What if you gave a standard and nobody came?

Standards are a good thing, and open standards are even better, but do I really have a standard just because I say so? Some of the most successful standards are de facto standards — standards that have become so because a product has been accepted by the market and become the paragon against which others are judged. Linux could not exist without Unix having first established a de facto standard.

On the other hand, proprietary standards can fail to take hold because the market does not accept them. The classic example here is Beta vs. VHS — it is widely accepted that despite Beta being a better quality format, Sony's refusal to open (even license) its standard, let VHS dominate in the marketplace.

Postscript and Java are interesting standards to compare. Adobe has retained control of the Postscript standard, but because Postscript has to have an interface to page layout programs that is well-specified, third parties have been able to create Postscript emulators, competing with Adobe's proprietary implementation.
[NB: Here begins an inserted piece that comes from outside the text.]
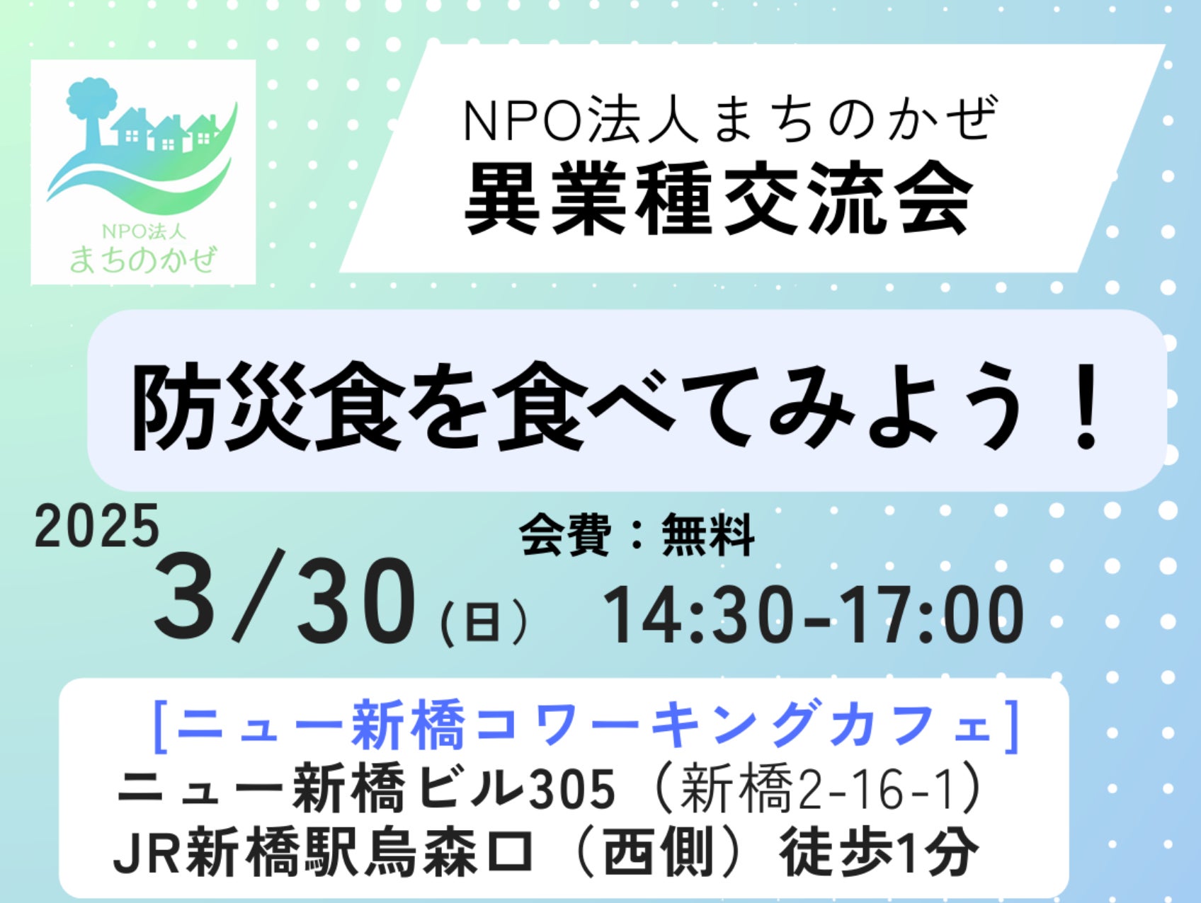 ・メール記載内容:タイトルに「3月30日防災食イベント参加希望」本文に「①氏名②職業③電話番号」を記載ください。

Adobe has retained market share by continuing to provide value — Adobe's engine remains the touchstone against which all other emulators are judged.

Sun has waffled on whether to relinquish control of Java to ECMA in an attempt to gain greater acceptance while preventing the divergence that plagued Lisp and Unix in the early 70's. Sun has had less success than Adobe in licensing "true" Java, perhaps because the value is less clear.

The question is: when developing a new product, at what point do I want to standardize it?